The surprising thing is that such a powerful activator has been neglected for so long. Perhaps the most appropriate explanation could be the lack of adequate “branding” by the original creators. On the other hand, one cannot expect that a researcher should describe in advance how and what he is supposed to discover, which would indeed limit the capacity of those who “see” what others can not.
Many years ago I personally deduced that behind this method there was enormous potential not yet studied, but especially not even “imagined”.
I started to use this type of activator initially almost as an observer of the astonishing effects, then began to study it in depth, principally to try to understand how it works, something incredibly never explained in full.
We are now aware that the extraordinary orthopaedic cranial-occlusal effect is given by the visco-elasticity of the material it is composed of and the repositioning of the mandible (lower jaw) associated with action on the maxilla (upper jaw) are due to a “harmonious effect of return” on the cranial sutures with an action of thrust on the “carriers” of the teeth (which are also growth carriers “accretion vectors”) that converge on the apophysis of the Crista-galli starting point of the intracranial membranes of reciprocal tension.
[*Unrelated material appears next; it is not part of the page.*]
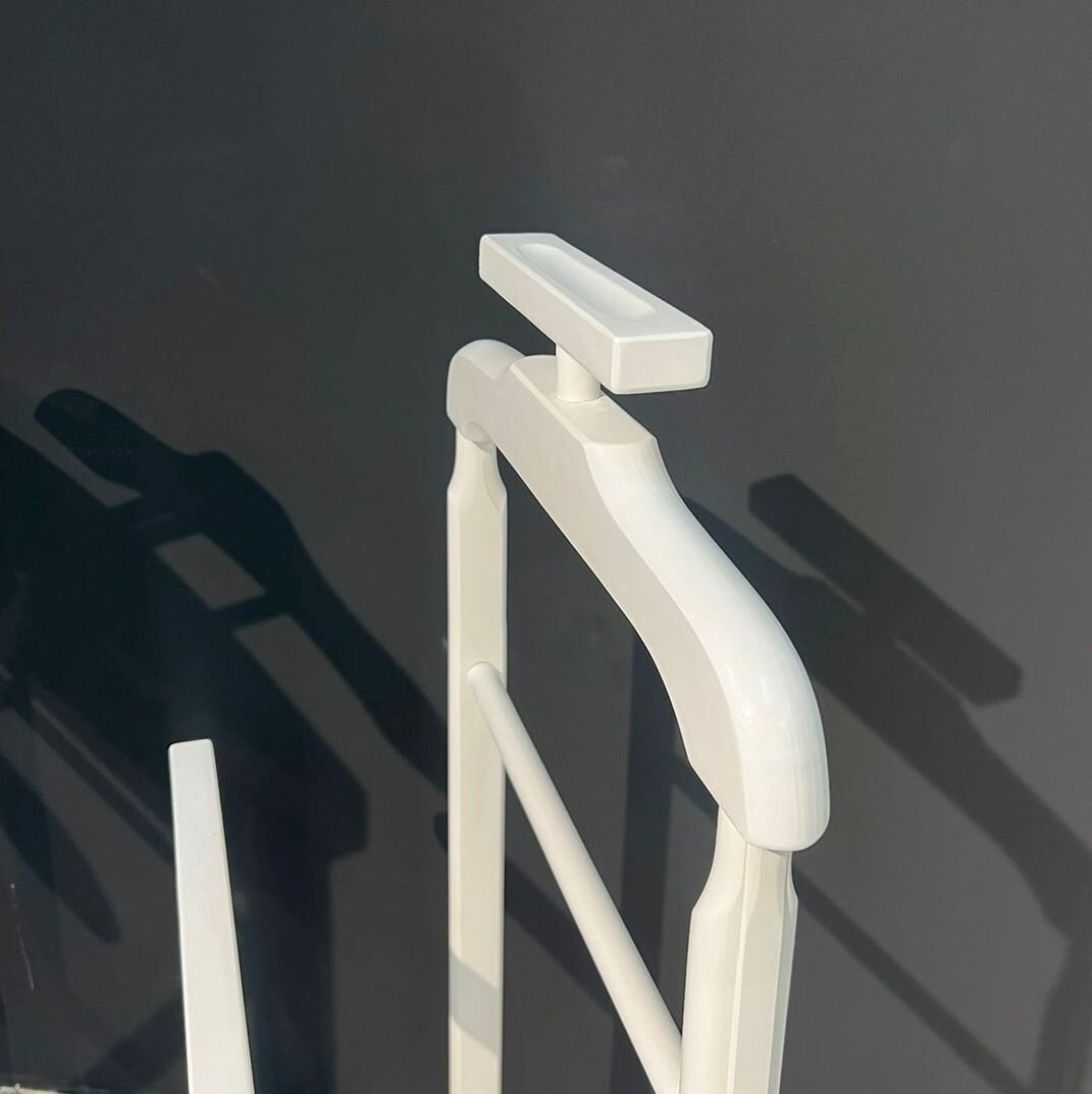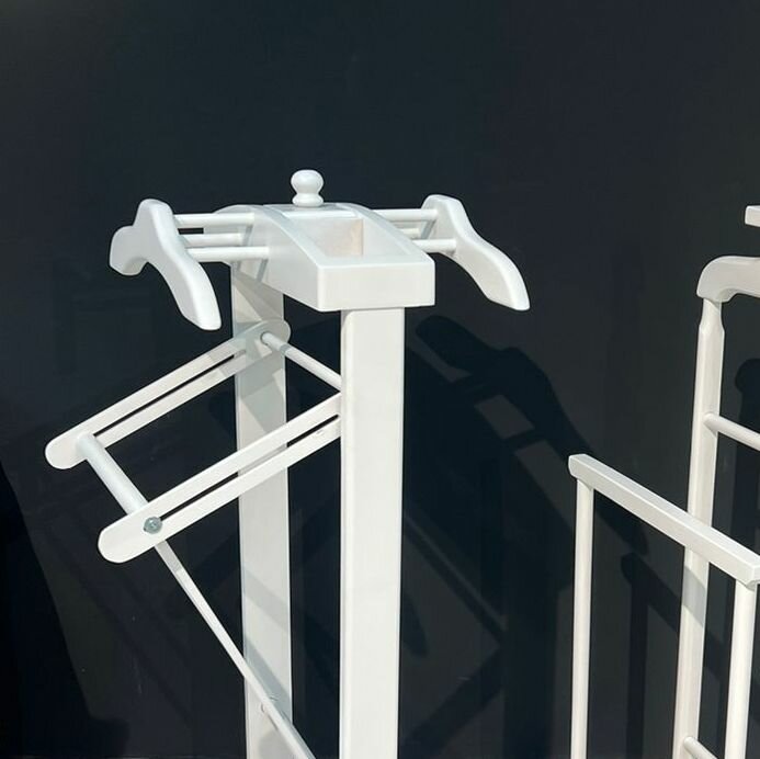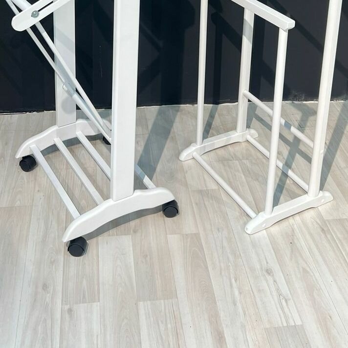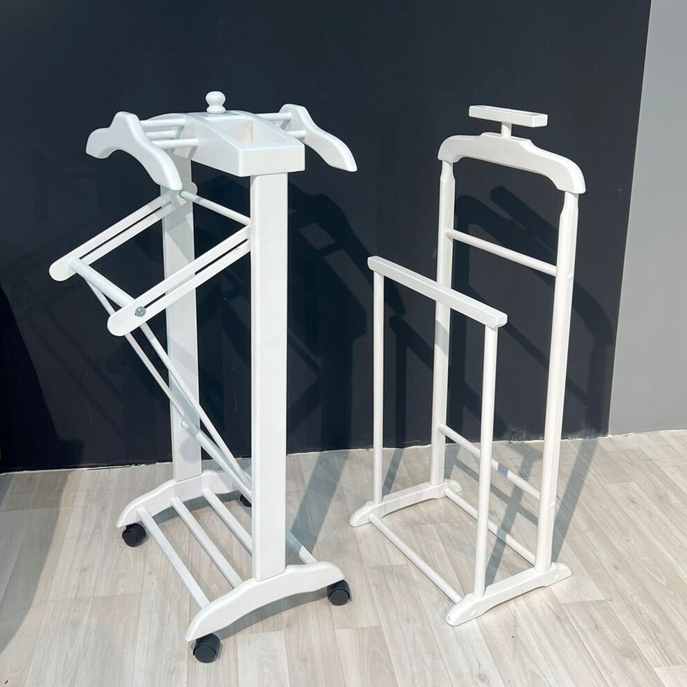 Комплект вешалок в белом цвете выполнен из массива дерева. Вешалка №1 выполнена из массива бука, имеет несколько уровней для хранения, выдвигающуюся перекладину для брюк, колесики, ящик для мелочей. Габариты 105 см х 45 см х 38 см. Вешалка №3 выполнена из массива березы, имеет два уровня, плечики и дополнительные перекладины. Габариты 100 см х 21 см х 42 см.

The concept is: there is a bijective correspondence between cranial osteopathy and dental occlusion. The reason that often (more than 60% of cases) orthodontia using metal and/or rigid devices causes a “content” imbalance that predisposes to a disequilibrium that the body tends to manifest in another direction and the spine, the cervical vertebrae which are the continuation of the bones of the skull, is the specific organ to facilitate the compensation that may evolve in scoliosis.
The following images explain the concept of the thrust action on tooth-vectors:
In light of the above one can also understand the action mechanism of bruxism: when there are occlusal problems and the reciprocal tension membranes are in abnormal tension a defence mechanism is established that aims to discharge these tensions through the teeth and the consequent wear on the teeth tends to cause an increasingly worsening loop.
This mechanism also explains why patients with dysfunction tend to break orthodontic appliances and continuously detach orthodontic ” braces /brackets” as forces applied by the orthodontist on single teeth contrast with the equilibrium of the intrinsic tooth mapping on this centre of forces and the reason for orthodontic relapse is as more marked in respect of the final position dictated by the orthodontic treatment is as far from the correct balance of forces.
In my practice and observations in I have found that the most frequent symptoms associated with orthodontic therapy which are systematically ignored by the orthodontist are nightmares, or complete lack of dreams, excessive or uncomfortable psychic phenomena with hyperactivity, difficulty concentrating, decreased creativity, eye and ear problems and that these symptoms are the same that in Chinese energetic medicine correspond to the 6th chakra (3rd eye) that produces the control of consciousness and that this chakra is located right at the Crista-galli and these symptoms, when present, are the first to be eliminated in the transition from mechanical orthodontics to the Montorsi Method.
Unfortunately, paediatricians, general practitioners, orthopaedists, dentists and orthodontists continue to ignore the “medical evidence” hiding behind scientific concepts ever more difficult to defend.